4.5. Extended DNS Error Code 5 - TooBusy

[ Ed: This might be a bad idea. It is intended to allow servers under a DoS (for example a random subdomain attack) to signal to recursive clients that they are being abusive and should back off. This may be a bad idea -- it may "complete the attack", it may be spoofable (by anyone who could also do a MITM style attack), etc. ]

A nameserver which is under excessive load (for example, because it is experiencing a DoS) may annotate any answer with this code.

It is RECOMMENDED that implementations set the R flag in this case, but may allow operators to define what to set the R flag to.

[ agreed: bad idea -wjh ]

This document defines a new EDNS(0) option, entitled "Extended DNS Error", assigned a value of TBD1 from the "DNS EDNS0 Option Codes (OPT)" registry

Value  Name                 Status    Reference
-----  ----------------     ------    ------------------
 TBD   Extended DNS Error    TBD       [ This document ]

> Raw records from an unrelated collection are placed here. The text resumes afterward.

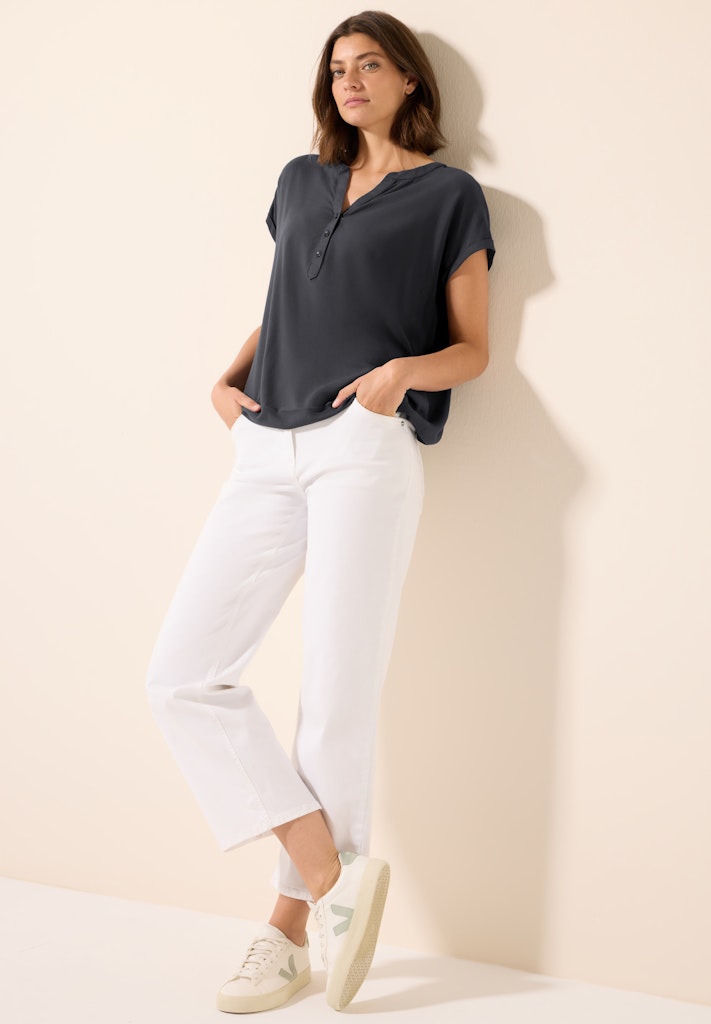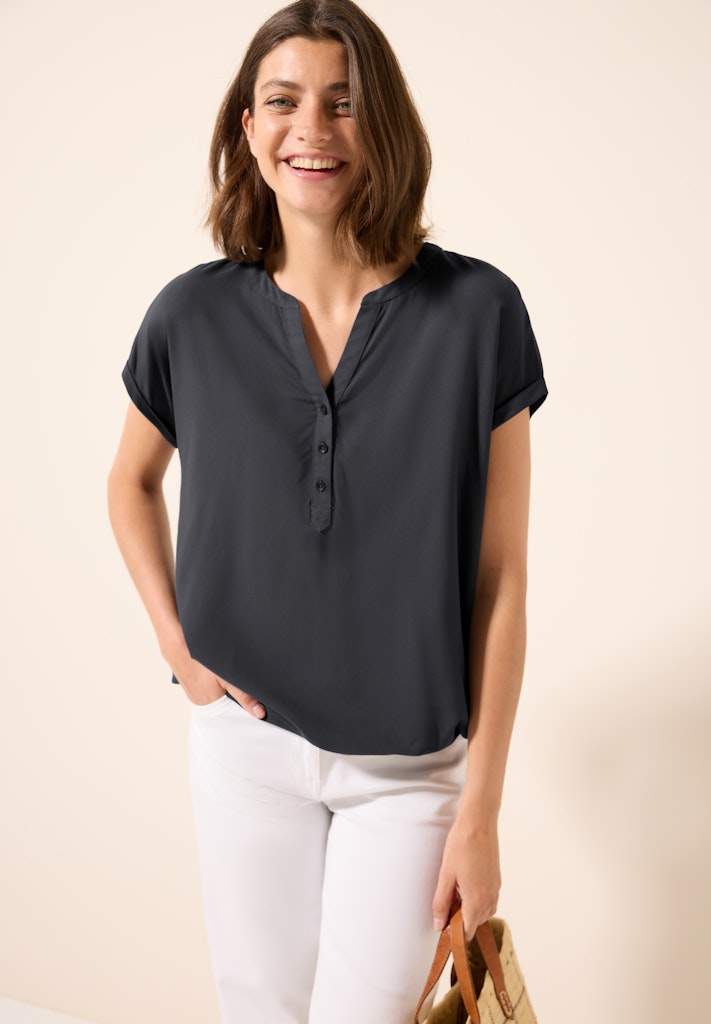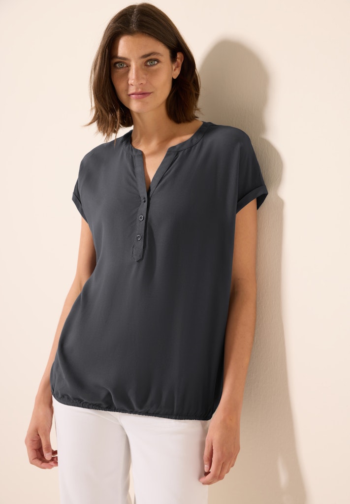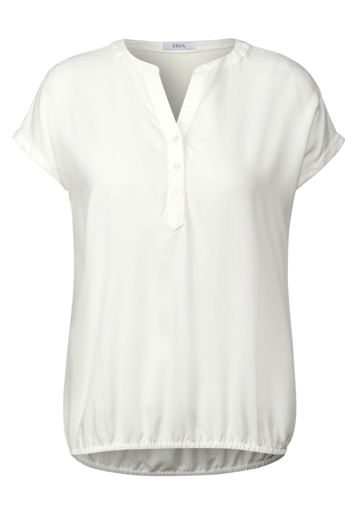Diese Damenbluse von CECIL punktet mit einem geschlitzten Ausschnitt und einer dekorativen Knopfleiste. Der elastische Saum sorgt für eine schmeichelhafte Passform, während die weiche Viskose angenehm auf der Haut liegt. Ein vielseitiges Basic für den Sommer! Damenbluse Geschlitzter Ausschnitt mit dekorativer Knopfleiste Kurzarm Elastischer Saum Weiche Viskose Material: 100% Viskose
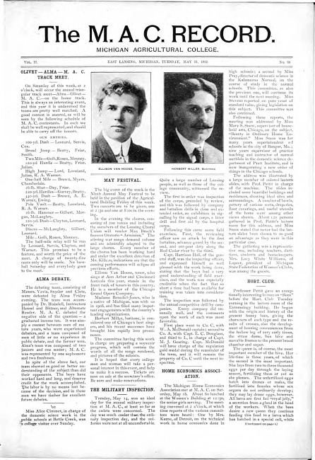 Major articles in this issue include: Olivet - Alma - M.A.C. Track Meet -- Alam Debate -- May Festival -- The Military Inspection -- Home Economics Association -- Hort. Club -- New Veterinary Building -- U. of M. An Easy Victim -- Wabash Defeated -- Capt. Ireland and the U.S. Army (Article continued from vol.17, no.32, May 14, 1912) -- About the Campus
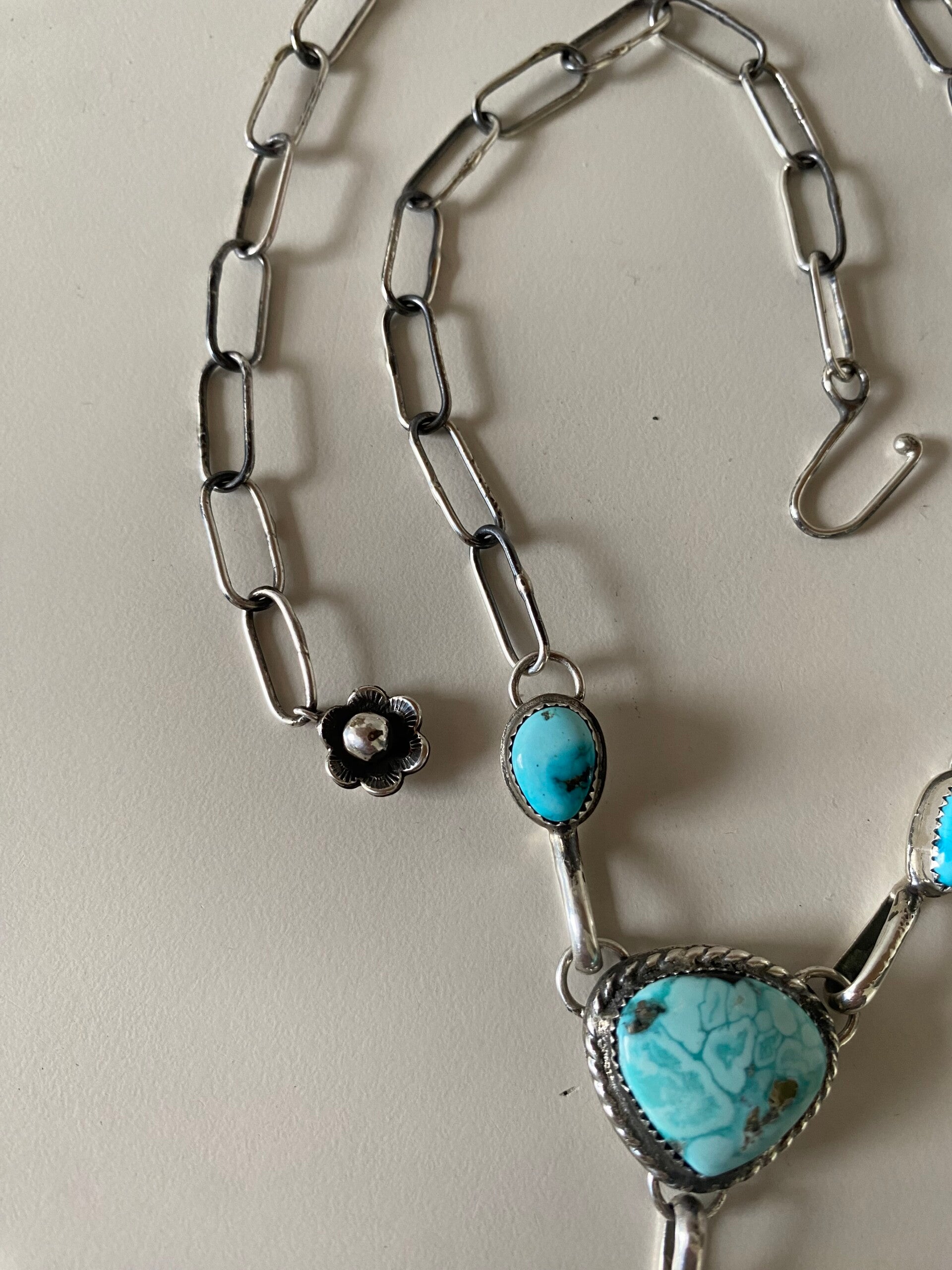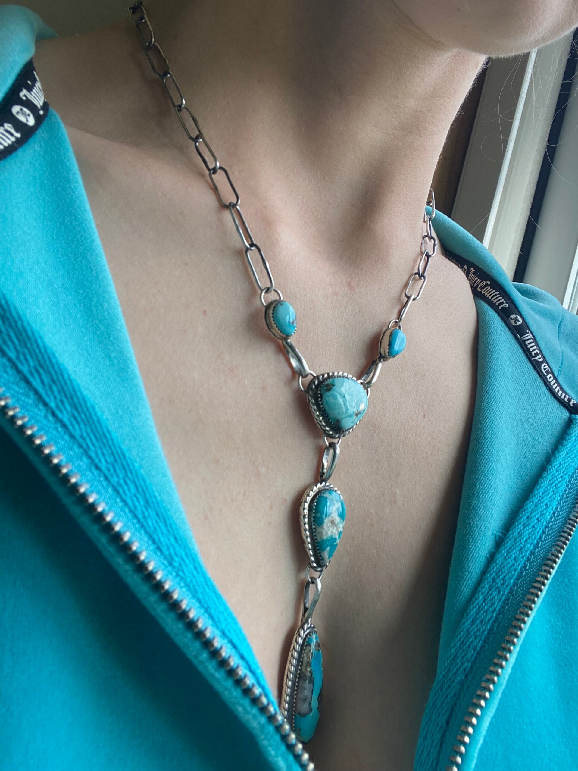 Genuine Turquoise and sterling silver lariat drop necklace

Data Tag Name Length Meaning ---- ---- ------ ------- TBD1 FooBar N FooBar server

The IANA is requested to create and maintain the "Extended DNS Error codes" registry. The codepoint space is broken into 3 ranges:

The codepoints 0, 65535 are reserved.

6. Open questions

Can this be included in *any* response or only responses to requests that included an EDNS option? Resolvers are supposed to ignore additional. EDNS capable ones are supposed to simply ignore unknown options. I know the spec says you can only include EDNS0 in a response if in a request -- it is time to reevaluate this?
Can this be applied to *any* response, or only error responses?
Should textual information be allowed as well? What if the only thing allowed is a domain name, e.g to point at where validation began failing?

7. Security Considerations

DNSSEC is being deployed - unfortunately a significant number of clients (~11% according to [GeoffValidation]), when receiving a SERVFAIL from a validating resolver because of a DNSSEC validaion issue simply ask the next (non-validating) resolver in their list, and don't get any of the protections which DNSSEC should provide. This is very similar to a kid asking his mother if he can have another cookie. When the mother says "No, it will ruin your dinner!", going off and asking his (more permissive) father and getting a "Yes, sure, cookie!".